On benchmarks, the ThinkBook Plus Gen 6 Rollable performs slightly below comparable H-series Intel laptops, which is expected given the efficiency-focused nature of the 258V. Geekbench 6 returned a single-core score of 2,524 and a multi-core score of 10,312.

Battery life

Battery life is delivered by a 66Whr cell, shaped as a near-square to accommodate the pulley mechanism that occupies the rear portion of the chassis. With the display in 14-inch mode, battery life reaches approximately 9.5 hours under mixed workloads. With the display extended to 16.7 inches, runtime reduces to approximately 8.5 hours under the same conditions. Fast charging via USB-C supports approximately 80% capacity in one hour using a 65W or higher adapter.

Internals and upgradeability

The base of the device is secured with eight Torx T5 screws. Internally, the 66Whr battery occupies the majority of the chassis footprint. The M.2 2242 SSD is user-replaceable, allowing storage expansion. The RAM is soldered and cannot be upgraded. The Wi-Fi 7 card is also soldered to the motherboard.
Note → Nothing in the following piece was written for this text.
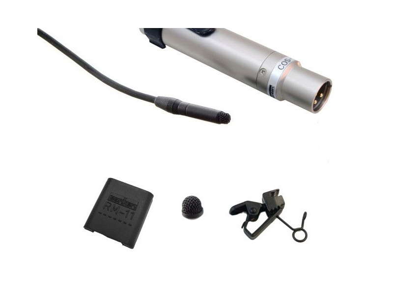 Lavalier Microphone operated by both AA battery and P12V~52V, XLR-3M output, sensitivity 2.1mV, 3m cable, with accessories.

The rolling mechanism is visible internally, using a string and pulley system to extend and retract the display motor. Care is required when working inside the device to avoid contact with the rolling mechanism components.

Software

Lenovo includes ThinkBook Workspace, a companion application that launches automatically when the screen is extended. It provides a virtual secondary display, widget panels for calendar and to-do lists pulled from a connected Microsoft account, and a Smart Copy clipboard manager. The application cannot be easily uninstalled and its automatic launch behaviour requires manual configuration to disable. Snap Layouts in Windows 11 offer a more straightforward approach to window management on the extended display for most users.

Additional software includes Lenovo AI Now, a local AI assistant that processes documents on-device without cloud connectivity but requires a Lenovo account to use. Lenovo Vantage handles system updates, battery settings, and warranty information. The device ships with Windows 11 Pro and a one-year carry-in warranty.
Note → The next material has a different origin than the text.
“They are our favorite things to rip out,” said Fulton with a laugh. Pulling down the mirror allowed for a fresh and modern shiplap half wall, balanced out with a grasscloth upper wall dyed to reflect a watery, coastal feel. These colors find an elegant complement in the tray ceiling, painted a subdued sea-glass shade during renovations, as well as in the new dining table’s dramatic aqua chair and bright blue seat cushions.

Lenovo ThinkBook Plus Gen 6 Rollable Review
Lenovo ThinkBook Plus Gen 6 Rollable Review

Webcam

The 5MP webcam with infrared support and Windows Hello facial recognition performs adequately in well-lit environments. Some graining is visible in lower light conditions. The time-of-flight sensor adjacent to the webcam supports a gesture-based screen extension feature that works inconsistently in practice and requires specific hand positioning to trigger reliably. The physical keyboard button remains the more dependable method.

Lenovo ThinkBook Plus Gen 6 Rollable Verdict

The Lenovo ThinkBook Plus Gen 6 Rollable is a genuinely remarkable piece of engineering that functions as a capable everyday laptop in addition to its headline feature. The rollable OLED display delivers on its premise, the keyboard and haptic trackpad are among the best available on any Windows laptop, audio quality exceeds expectations for the form factor, and battery life is respectable for the platform.

The limitations are real, however. At $3,299, the device costs substantially more than ultrabooks with comparable or superior processing performance. The display carries a visible crease, lacks touch support, and restricts hinge movement. Port selection is sparse. The ThinkBook Workspace software is intrusive. And the long-term durability of the motorised rolling mechanism remains an open question.

For professionals across who regularly work with documents, research, or stacked application windows and require a highly portable setup, the ThinkBook Plus Gen 6 Rollable offers a genuinely practical productivity advantage. For everyone else, the premium is difficult to justify against conventional alternatives at this price point.